Data for this exercise
····················

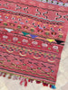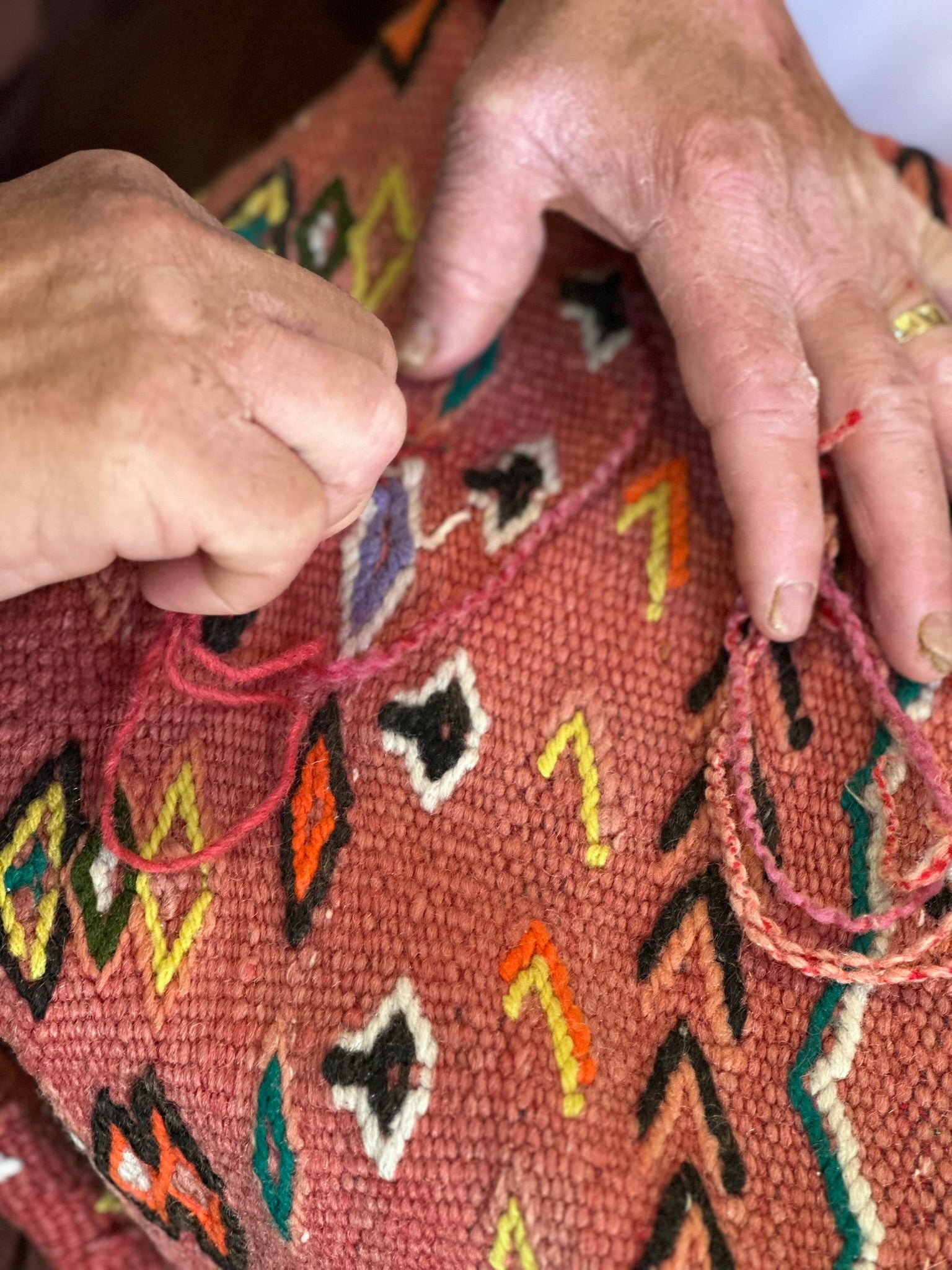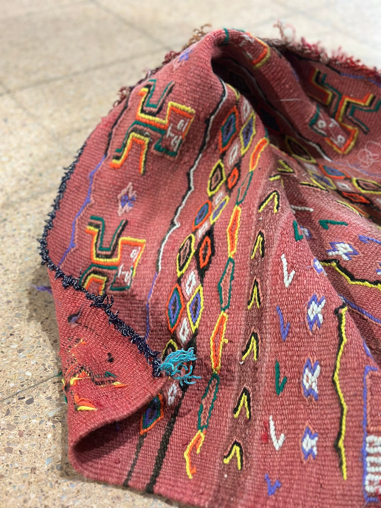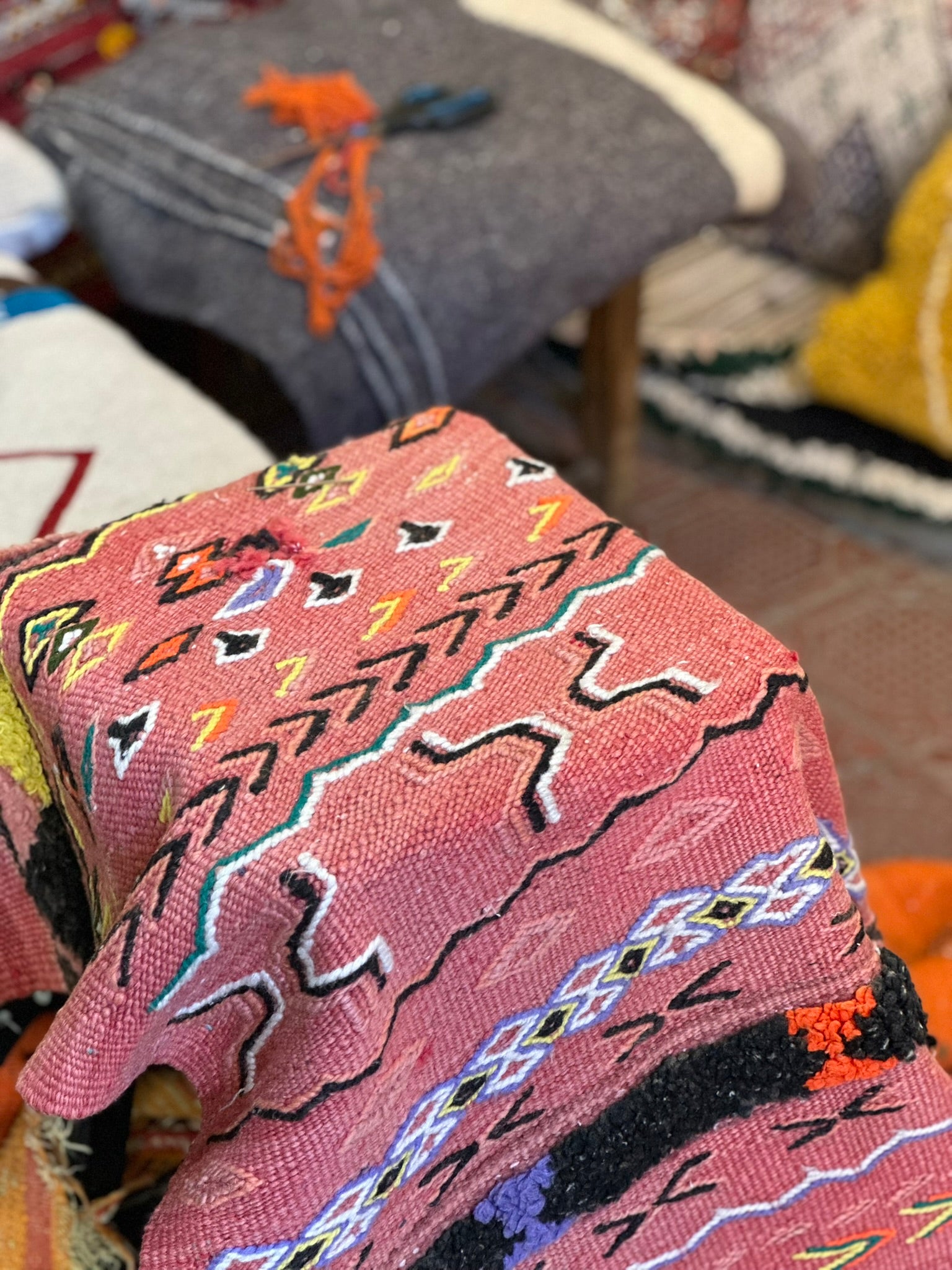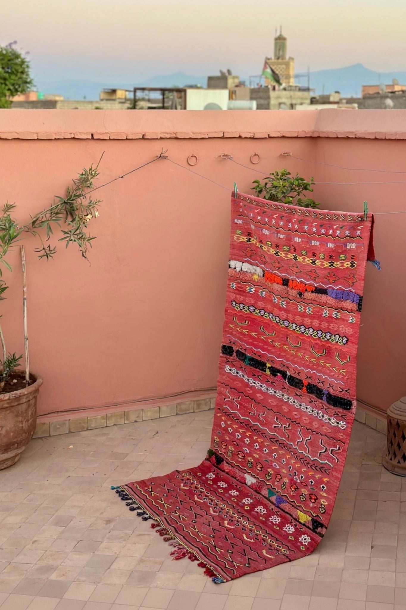 Photographed on our riad rooftop at sunset, this kilim is more than décor — it’s a statement piece, a collector’s textile, a colourful slice of Moroccan heritage.
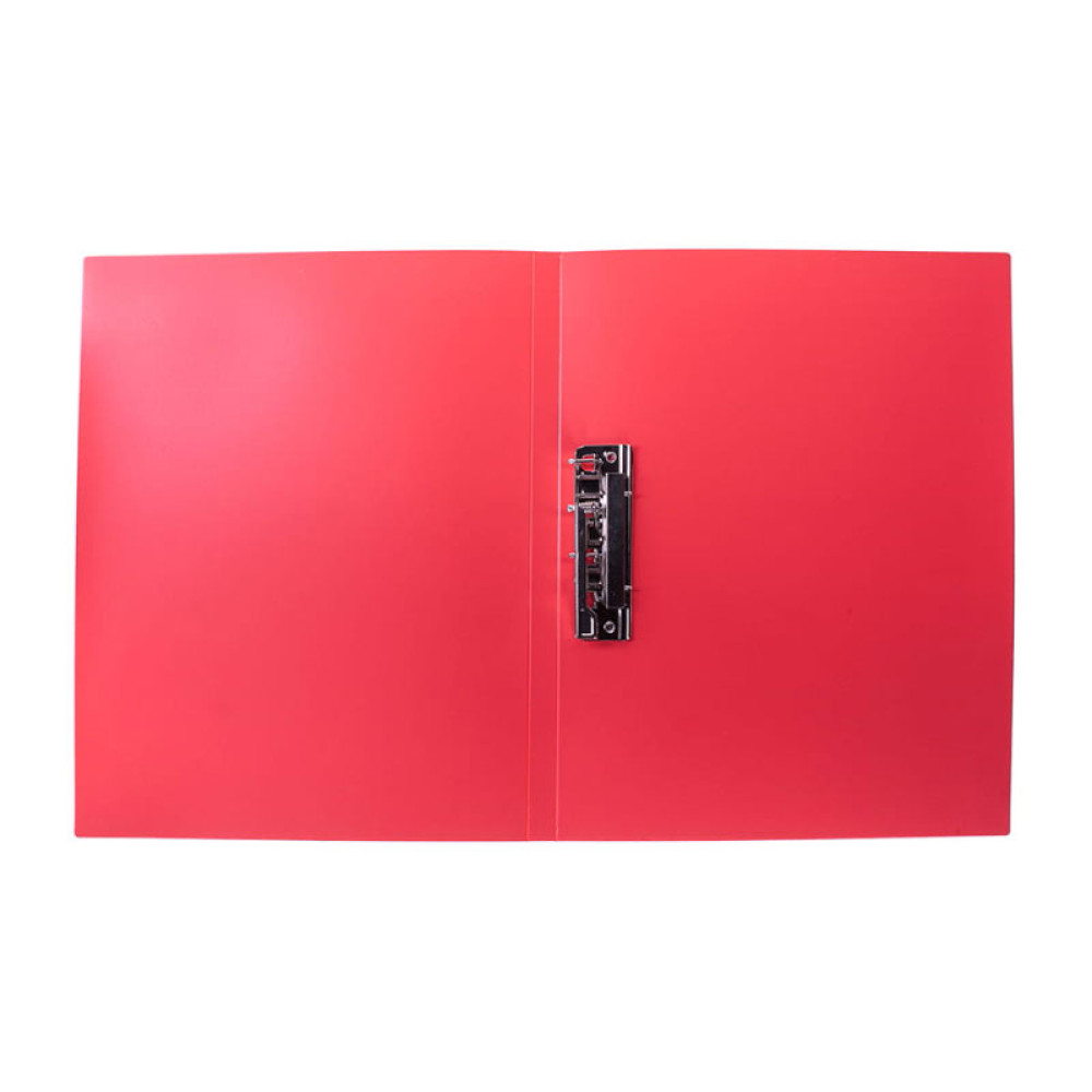 Пластиковая папка OfficeSpace красного цвета с металлическим зажимом, который надежно фиксирует документы, не повреждая их. Удобно хранить и переносить бумаги, а также защищать их от
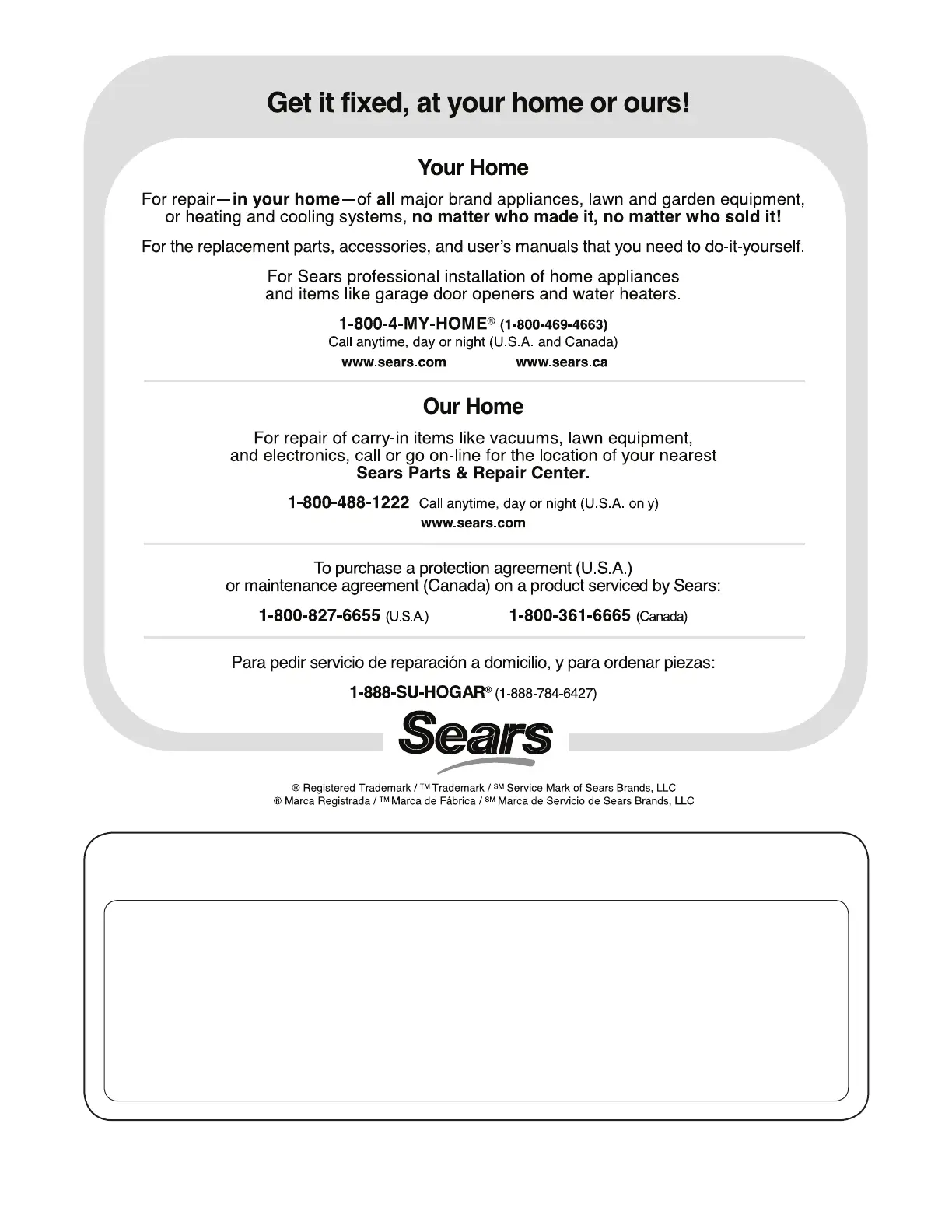 of the date of purchase, call 1-800-4-MY-HOME
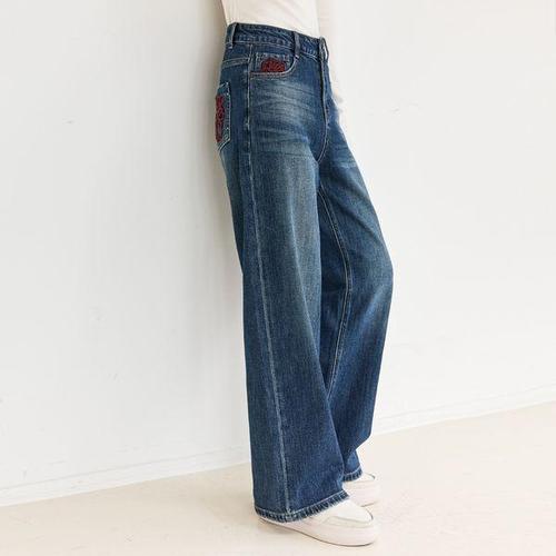 [로즈엘리]레트로 패치 데님팬츠 사계절 청바지 4컬러
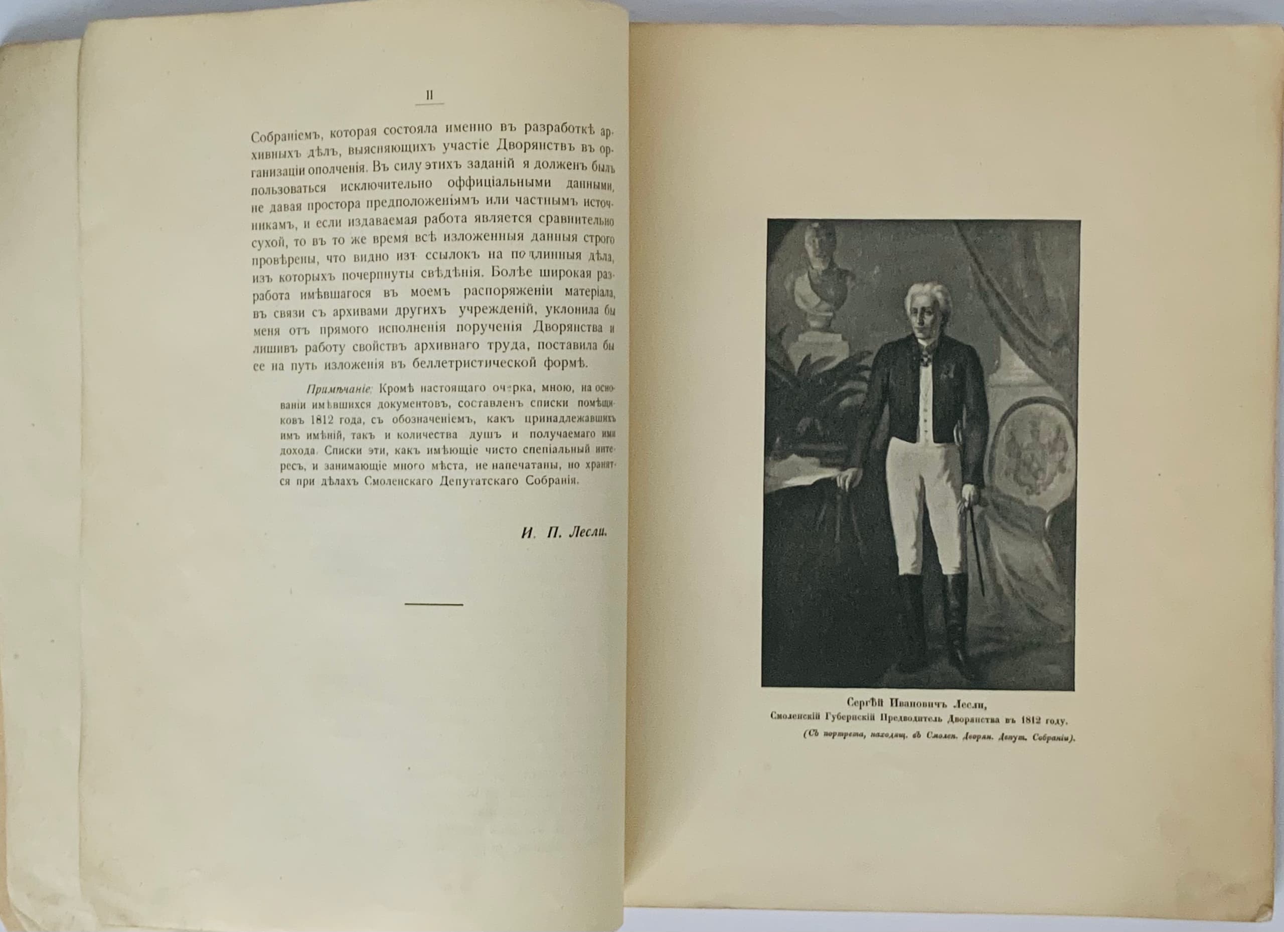 LESLI I.P. Smolenskoe dvoryanskoe opolchenie 1812 goda: [ocherk].[ The Smolensk Noble Militia of 1812: [essay]] Smolensk: Izdanie Smolenskogo dvoryanstva, 1912.

····················

Your output should be only the lines from the line with "of the date" through the end of the data, exactly as they stand, and no pictures.

Answer for this exercise
 of the date of purchase, call 1-800-4-MY-HOME
 [로즈엘리]레트로 패치 데님팬츠 사계절 청바지 4컬러
 LESLI I.P. Smolenskoe dvoryanskoe opolchenie 1812 goda: [ocherk].[ The Smolensk Noble Militia of 1812: [essay]] Smolensk: Izdanie Smolenskogo dvoryanstva, 1912.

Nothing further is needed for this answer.